Countable separating family for measures on a Polish space.

Question

Let $(E, \mathcal{A})$ be a Polish space. Let $\mathcal{M}_1$ be the space of measures $\mu$ on $( E, \mathcal{A})$ with $\mu(E) \leq 1$. A family of bounded continuous function $\mathcal{E}$ is called separating family for $\mathcal{M}_1$ iff for all $\mu, \gamma \in \mathcal{M}_1$ we have \begin{equation} \forall f \in \mathcal{E}: \int f d\mu = \int g d \gamma \quad \implies \mu = \gamma. \end{equation} Does there exist a countable separating family for $\mathcal{M}_1$?

Answer 1

Let $\{x_n\}$ be a countable dense set in E. For any $n,m \geq 1, r \in \mathbb Q$ let $f_{n,m,r}$ be a continuous function with values in $[0,1]$ such that $f_{n,m,r}=1$ on $B(x_n,r)$ and $0$ off $B(x_n,r+\frac 1 m)$. If $\int f d\mu=\int f d\nu$ for all these functions we can let $m \to \infty$ to get $\mu (B(x_n,r))=\nu (B(x_n,r))$ for all n and r.
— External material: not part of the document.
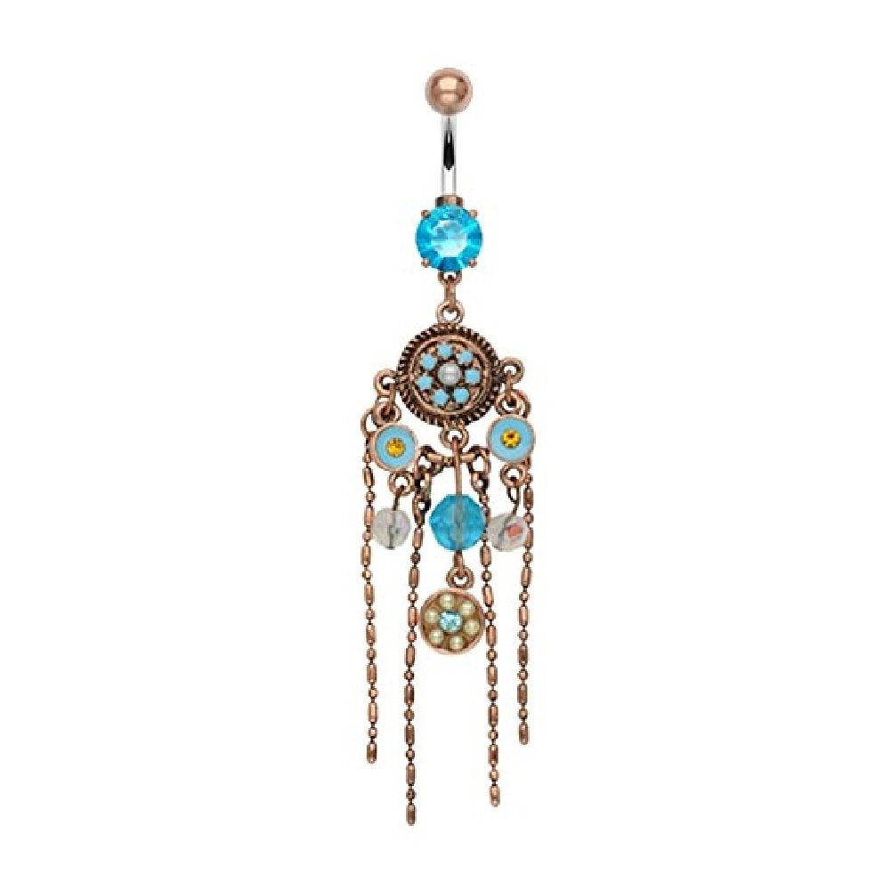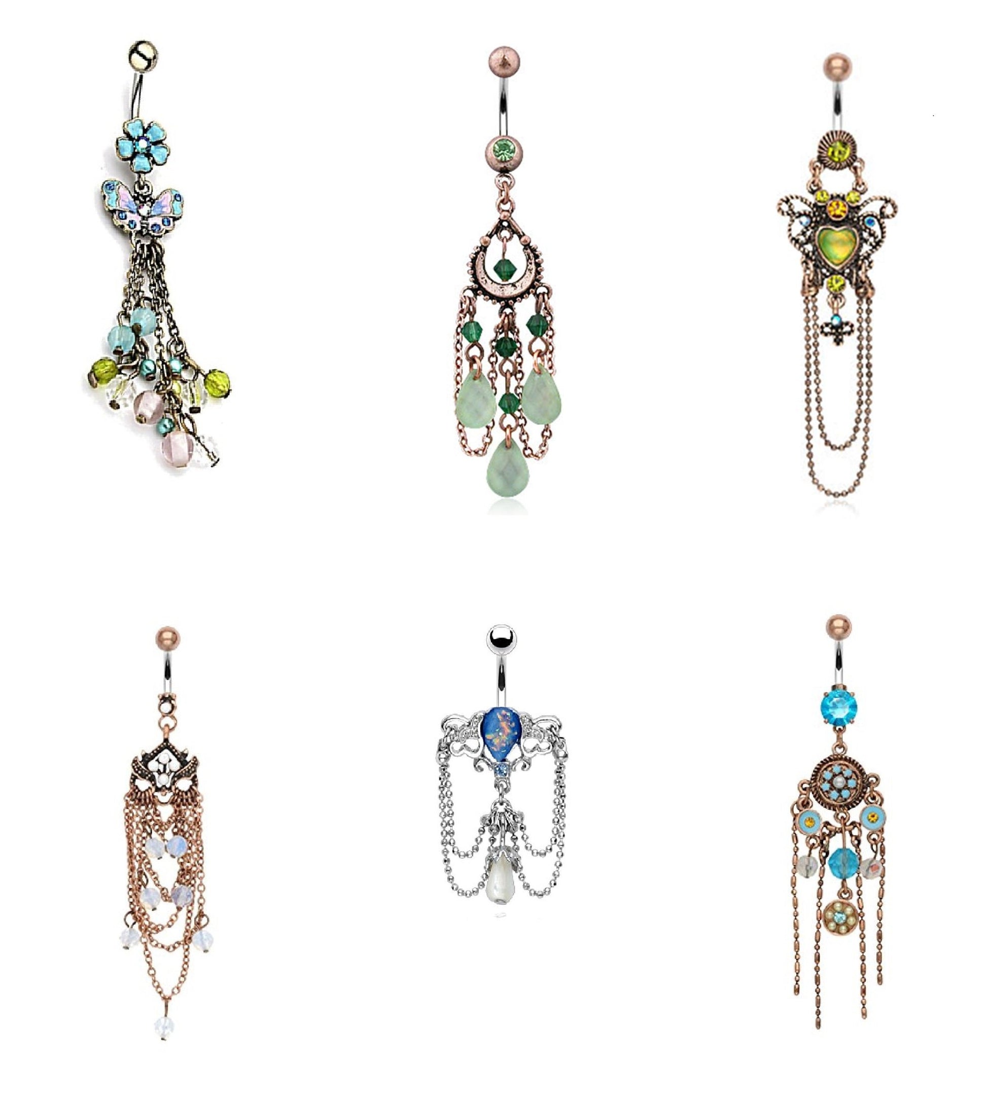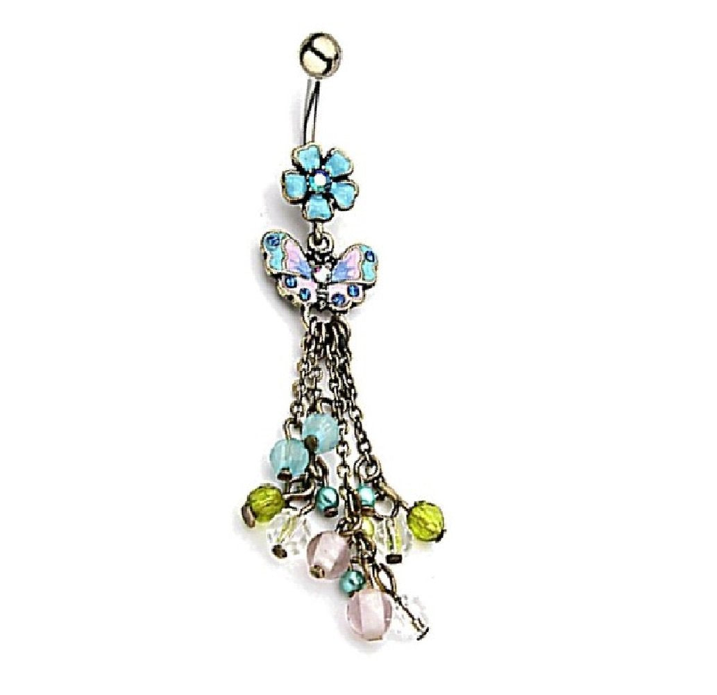 - Vintage Flower with Butterfly & Chain Drop Beads Dangle Belly Rings
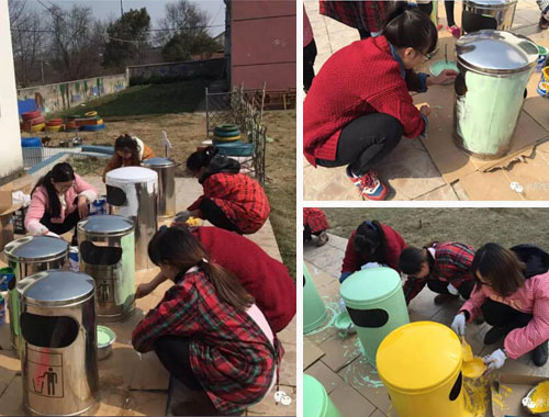 為了進(jìn)一步提升校園文化,創(chuàng)建更加優(yōu)美的育人環(huán)境,推動幼兒園建設(shè)朝著凈化、美化、規(guī)范化的方向發(fā)展,幼兒園青年教師對園內(nèi)垃圾桶進(jìn)行美化、裝飾。 教師們先選稿、討論設(shè)計(jì)方案,再畫底稿,最后調(diào)油漆上色。經(jīng)過老師們的巧手布置,原本單調(diào)呆板的垃圾桶一個(gè)個(gè)鮮活起來。孩子們來園看到一個(gè)個(gè)五彩繽紛的垃圾桶興奮極了,非常樂意把垃圾撿起來扔進(jìn)漂亮的垃圾桶里。 據(jù)悉,本次活動是該園繼設(shè)計(jì)創(chuàng)意家園聯(lián)系欄、廢舊輪胎變廢為寶、裝飾走廊墻飾等活動后的又一次環(huán)境創(chuàng)新活動。這些活動不僅有效促進(jìn)了該園教師環(huán)境創(chuàng)設(shè)理念的更新、提升了創(chuàng)設(shè)技能和品位,同時(shí)促進(jìn)了教師之間的相互學(xué)習(xí),認(rèn)識到了環(huán)境創(chuàng)設(shè)對幼兒發(fā)展的價(jià)值,更為自己積累了有益的經(jīng)驗(yàn),為以后更好的開展環(huán)境創(chuàng)設(shè)打下堅(jiān)實(shí)的基礎(chǔ)。

If we consider all finite products of the functions just described we get another countable family and for this family $\int f d\mu=\int f d\nu$ for all these functions implies that $\mu$ and $\nu$ assign the same measure to finite intersections of the balls $B(x_n,r)$. An application of the $\pi - \lambda$ theorem should now complete the proof. [I am almost sure but not fully sure that this works :-). Let me know if you find a hole in the argument].